この段階では、ポリシーは通常のIntuneポリシーです。 準備ができたら、ポリシー名の変更、ポリシー設定の更新、ポリシーの割り当てを行うことができます。
この手順では、各設定とその値を確認して、要件を満たしていることを確認します。
既存のポリシーの下書きを表示する
既存のポリシーの下書きを表示できます。 次の手順を実行します。
- Intune管理センターで、[エージェント>Policy 構成エージェント] を選択します。
- [ 概要 ] タブと [ 提案 ] タブには、ポリシーの下書きが推奨される次の手順として表示されます。 ポリシードラフトを選択して、その設定と構成された値を表示します。
ポリシードラフトの設定とその値を更新するには、下書きからデバイス構成ポリシーを作成する必要があります。 ポリシーを作成したら、他のIntuneデバイス構成ポリシーと同様に編集できます。
一般的なエラー
SCU が不足しているためにエージェントの実行が失敗する可能性がありますが、発生する可能性のあるその他のエラーがあります。 このセクションでは、エージェントの使用中に発生する可能性がある一般的なエラー メッセージと、説明と推奨されるアクションの一覧を示します。
エージェントが正確な提案を提供しない
この場合、エージェントに正確な提案を生成するのに十分なデータがない場合や、その設定がorganizationの環境と完全に一致しない可能性があります。
今後の提案の改善に役立てるには、各提案 利用可能な [いいね/嫌い] ボタンを使用してフィードバックを共有します。
このエージェントにアクセスできない - ライセンス
細部: このエージェントにアクセスするために必要なライセンスがありません。
このエージェントのライセンスとプラグインの要件を確認し、必要なライセンスと構成がテナントに割り当てられていることを確認します。
このエージェントにアクセスできない - ワークスペース
細部: このエージェントにアクセスするために必要なワークスペースの一部ではありません。
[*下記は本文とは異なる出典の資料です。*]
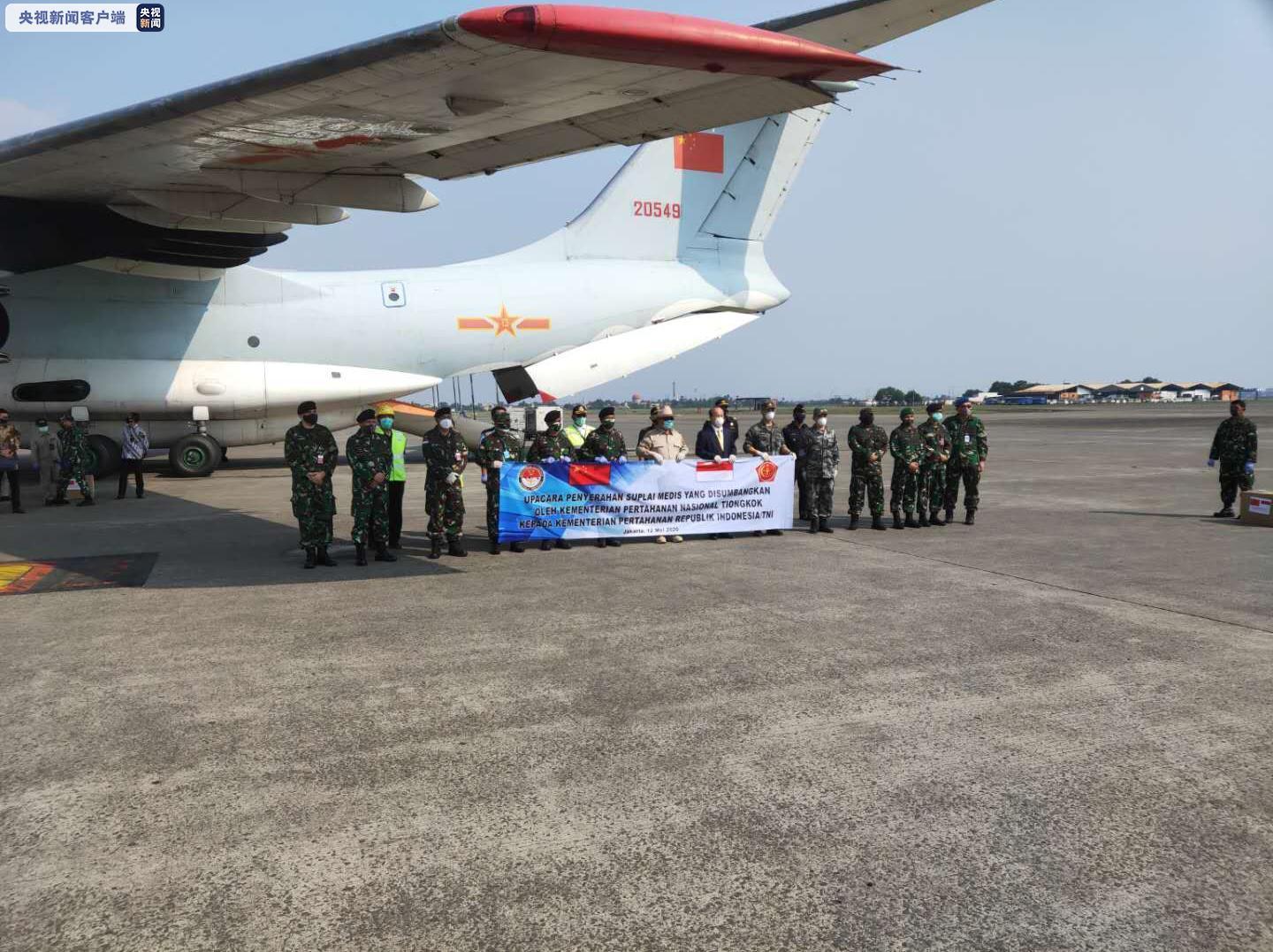 中国政府援助印尼军方运输抗疫物资抵达雅加达
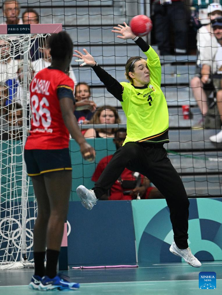 Goalkeeper Nicole Wiggins (R) of Spain competes during the women's preliminary round group B match of handball between Spain and France at the Paris 2024 Olympic Games in Paris, France, Aug. 3, 2024. (Xinhua/He Canling)
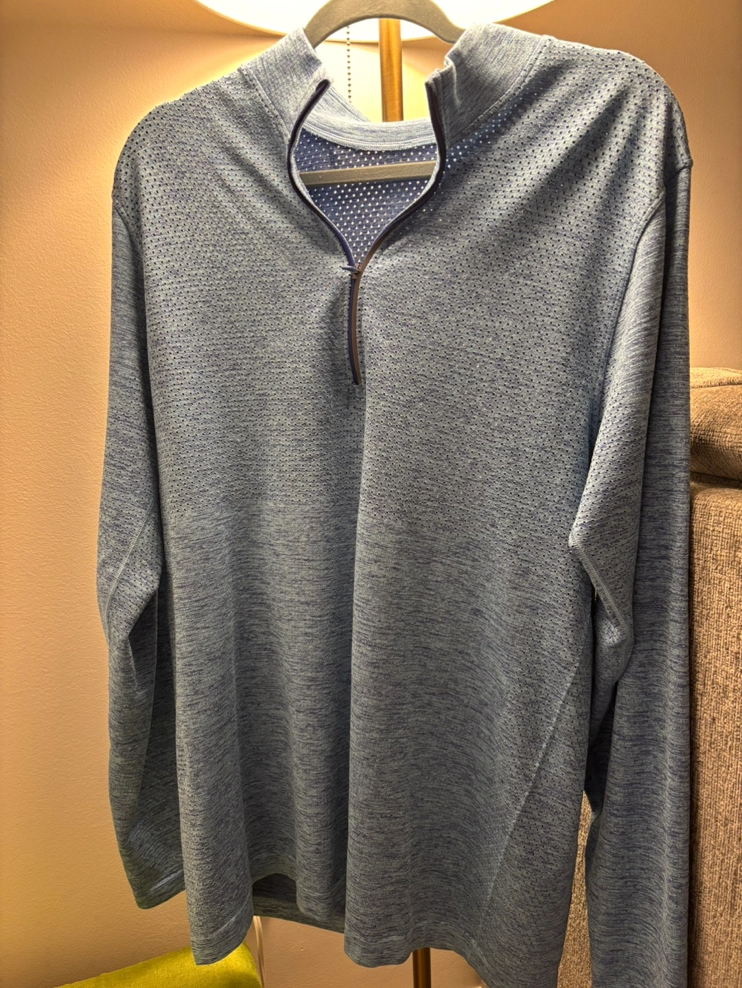 150Lululemon men's athletic shirt. Half-zip, long sleeves. Light blue heather colour. Moisture-wicking fabric. Great for workouts or casual wear. Smoke and pet free home Bayview and Sheppard main intersection
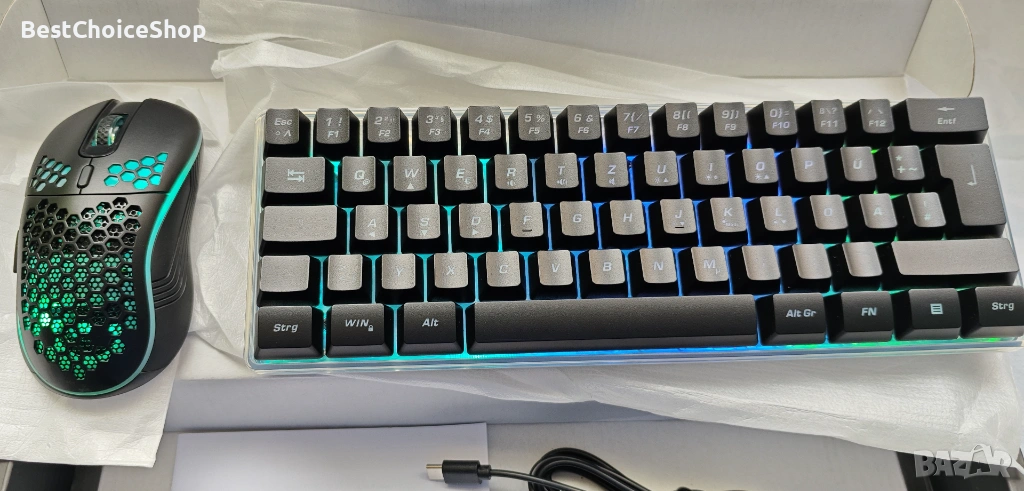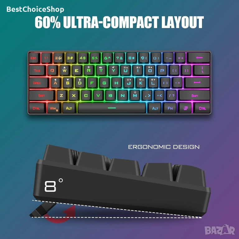 - 62-клавишна мини геймърска клавиатура и ултралека мишка с корпус тип „пчелна пита“: 60% ултракомпактното оформление ви предлага повече пространство за движение на мишката. Добре проектираната мишка с перфориран корпус тип „пчелна пита“ е ергономично проектирана и тежи само 65 (+-5) грама, което я прави по-гъвкава и удобна без умора.
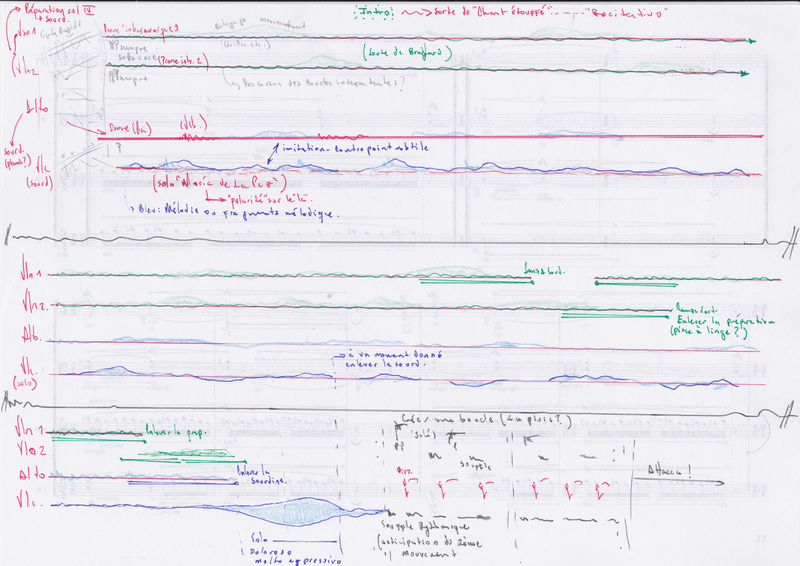 Su pieza mixta, Vestigios – Canto de las moscas, que evoca las nociones de ritual y de lamento, tiene su punto de partida en el conflicto colombiano y se articula en torno a una cuestión central: ¿cómo representar la pena de la guerra a través de los sonidos y de la música?
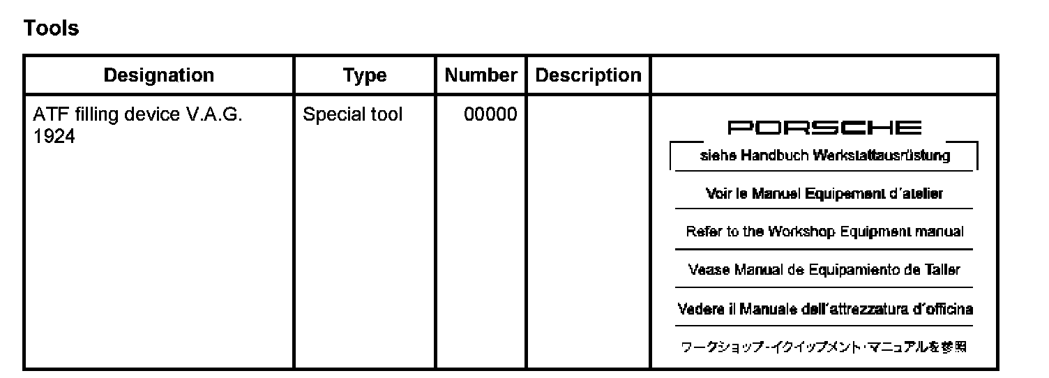 Information: Fill only with ATF approved by Porsche. See Spare Parts Catalogue.
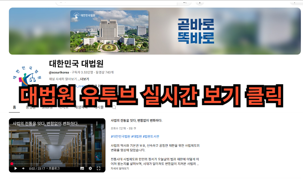대법원 유튜브 검색 → 실시간 LIVE 광고 없음, 주문 중심
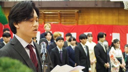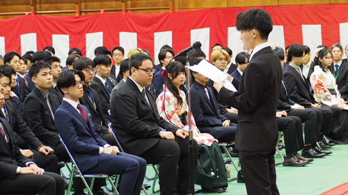 この日、卒業証書を手にしたのは機械工学科41名、電気電子工学科44名、情報工学科43名、都市・環境工学科40名の計168名、そして専攻科修了証書と学位記を手にしたのは機械・環境システム工学専攻21名、電気電子情報工学専攻13名の計34名、総勢202名です。

このメッセージは、Security Copilotがテナントに追加されるときに構成されているSecurity Copilot ワークスペースを表示または使用するアクセス許可がアカウントにないことを示します。 Security Copilot サブスクリプションをインストールまたは管理している管理者に問い合わせて、アクセス権を取得する方法については、「Microsoft Security Copilotでの認証について」を参照してください。
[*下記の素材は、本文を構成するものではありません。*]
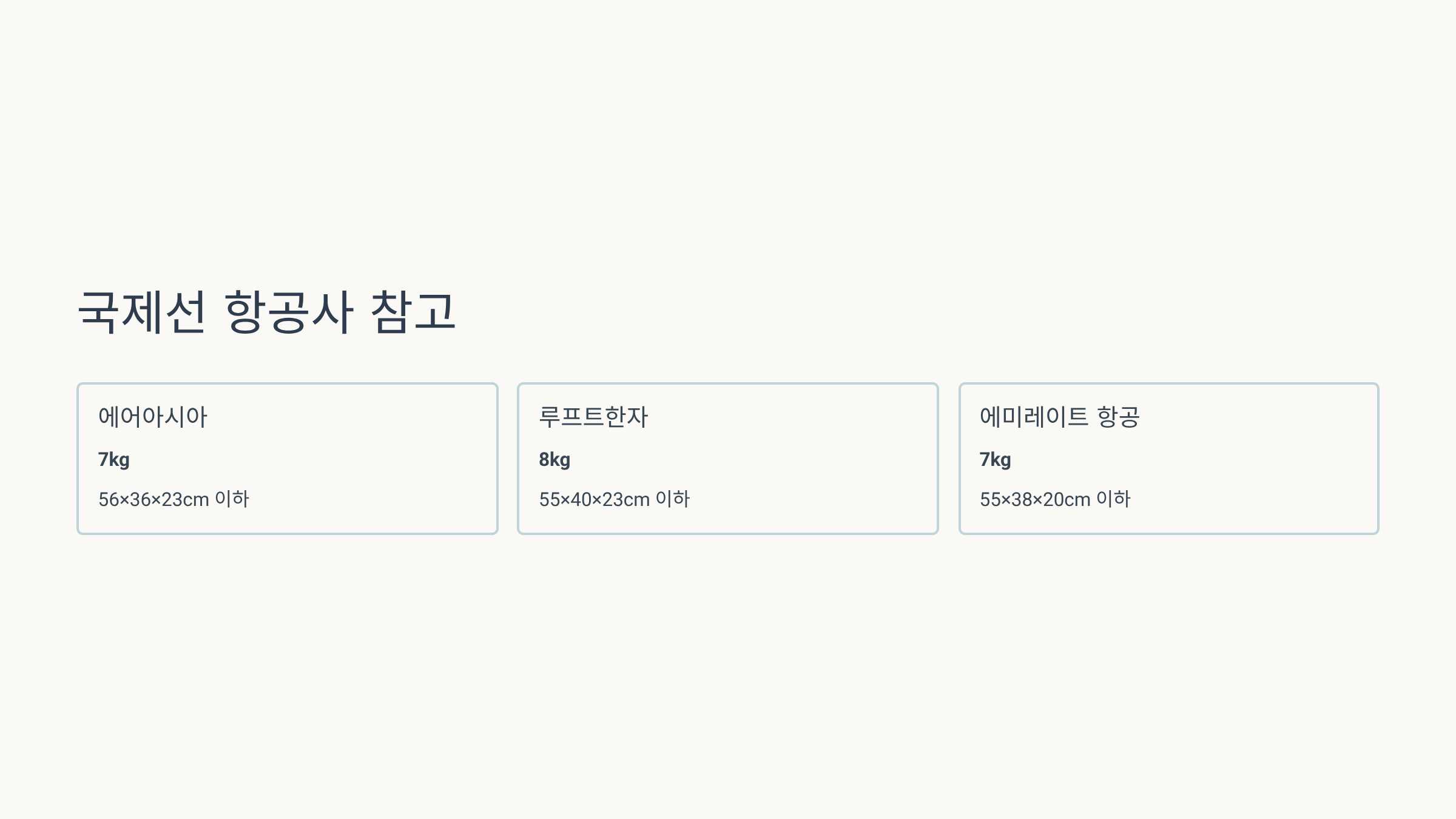 - 에미레이트 항공: 7kg, 55cm × 38cm × 20cm 이하

このエージェントにアクセスできない - アクセス許可
細部: このエージェントにアクセスするために必要なアクセス許可がありません。
エージェントを使用するためのロール要件を確認します。 Intune管理者と連携して、アカウントに必要なアクセス許可を割り当てます。
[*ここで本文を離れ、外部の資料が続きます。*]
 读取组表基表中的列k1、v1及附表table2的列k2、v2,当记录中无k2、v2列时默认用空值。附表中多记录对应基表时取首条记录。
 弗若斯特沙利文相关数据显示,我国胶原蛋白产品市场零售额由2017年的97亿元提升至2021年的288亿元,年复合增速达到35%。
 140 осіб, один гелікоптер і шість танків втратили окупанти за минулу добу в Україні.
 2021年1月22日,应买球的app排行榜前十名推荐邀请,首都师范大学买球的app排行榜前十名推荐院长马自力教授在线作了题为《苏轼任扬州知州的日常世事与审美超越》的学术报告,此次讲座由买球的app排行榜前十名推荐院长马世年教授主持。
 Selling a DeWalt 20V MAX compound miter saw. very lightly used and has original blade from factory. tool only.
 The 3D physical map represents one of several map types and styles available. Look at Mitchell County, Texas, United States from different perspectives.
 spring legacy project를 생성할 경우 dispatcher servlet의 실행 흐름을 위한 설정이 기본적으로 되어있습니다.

エージェントでエラーが発生し、実行が完了しませんでした。 エージェントをもう一度実行してみてください。
細部: エージェント インスタンスの実行を開始できなかったか、正常に完了できませんでした。 エラーの詳細を特定できません。 実行または完了に失敗した場合でも、管理者は、過去の実行からのエージェントの提案を引き続き表示および管理できます。
エージェントが失敗し続ける場合、ID アカウントに対する承認が失われ、再認証されるまで実行できない可能性があります。 承認が失われる原因として考えられるのは、次のとおりですが、これらに限定されません。
- エージェントの承認期間が 90 日に達しました。
- エージェントがインストールされたユーザー アカウントは、定期的な再認証を必要とするポリシーの対象となります。
- アクセス トークンが取り消されました。
エージェントの再認証では、エージェントを削除してから、もう一度設定する必要があります。
警告
エージェントが削除されると、既存のすべてのエージェント候補が削除されます。 これには、 適用済みとしてマークされた提案の詳細が含まれます。